Tenants shall, through the terms of this lease, take good care of the demised premises and the fixtures and appurtenances therein, and the sidewalks adjacent thereto, and at its sole cost and expenses, make all non-structural repairs thereto as and when needed to preserve them in good working order and condition, reasonable war and tear, obsolescence and damage from the elements, fire or other casualty, excepted.

It further provides in Article 13, Access to Premises:

Owner or Owner's agents shall have the right (but shall not be obligated) to enter the demised premises in any emergency at any time, and, at other reasonable times, to examine the same and to make such repairs, replacements and improvements as Owner may deem necessary and reasonably desirable to any portion of the building or which Owner may elect to perform, in the premises, following Tenant's failure to make repairs or perform any work which Tenant is obligated to perform under the lease, or for the purpose of complying with the laws, regulations and other directions of governmental authorities.

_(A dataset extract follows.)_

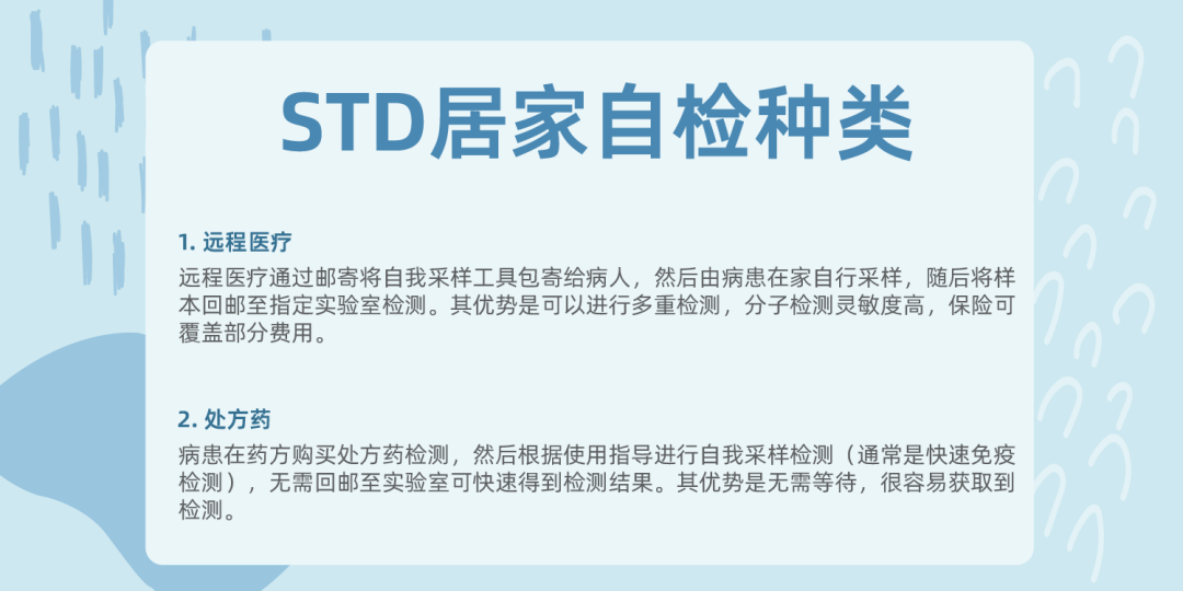 检测所需的样本类型取决于检测的疾病,衣原体、淋病和滴虫性阴道炎通常需要阴道/尿道拭子或尿液样本,而艾滋病、梅毒和丙型肝炎通常需要使用指尖血。有些衣原体、淋病和艾滋病检测只需口腔拭子,更便于自我采样10。约翰霍普金斯大学健康安全中心高级学者、医学博士 Amesh Adalja 认为,性传染病的流行已经失控。他表示,“我们知道我们漏诊了。我们知道,对接触者追踪工作开展得很晚,甚至根本没有开展。如果我们真的要认真应对性病危机,就必须让更多的人得到诊断"。

A rider to the lease provides:

In no event shall Landlord be required to furnish, heat, air conditioning, ventilation or any other services except as provided herein. Tenant will maintain day-to-day operations of the demised premises including, but not limited to HVAC, plumbing and electricity including repair and if necessary replacements, provided, however, landlord will make any "capital repairs" thereto. A capital repair shall be one or more related repairs and/or replacements incurred at the same time costing in excess of $350.00.

(emphasis added).

In its motion for summary judgment, FCRC disclaims liability on the basis that it is an out-of-possession landlord. In opposition, Dugan provides his own affidavit, and asserts that the pursuant to the terms of the Lease, FCRC was responsible for any capital repair, including repair to the boiler or water heater that is the subject of this case.

Here, given the terms of the Lease and FCRC's contractual obligation to make "capital repairs, " FCRC has not established that it was out-of-possession landlord who "has surrendered possession and control over premises leased to a tenant" (Me hi v. Fleisher, 234 A.D.3d 274, 650 N.Y.S.2d 784 [2nd Dept 1996]) and thus not liable for negligence in this case as a matter of law. FCRC's motion is therefore denied.

Wherefore, it is hereby,

ORDERED that defendant Food Center Realty Corp.'s motion for summary judgment is denied.

This constitutes the decision and order of the court. All other relief requested is denied.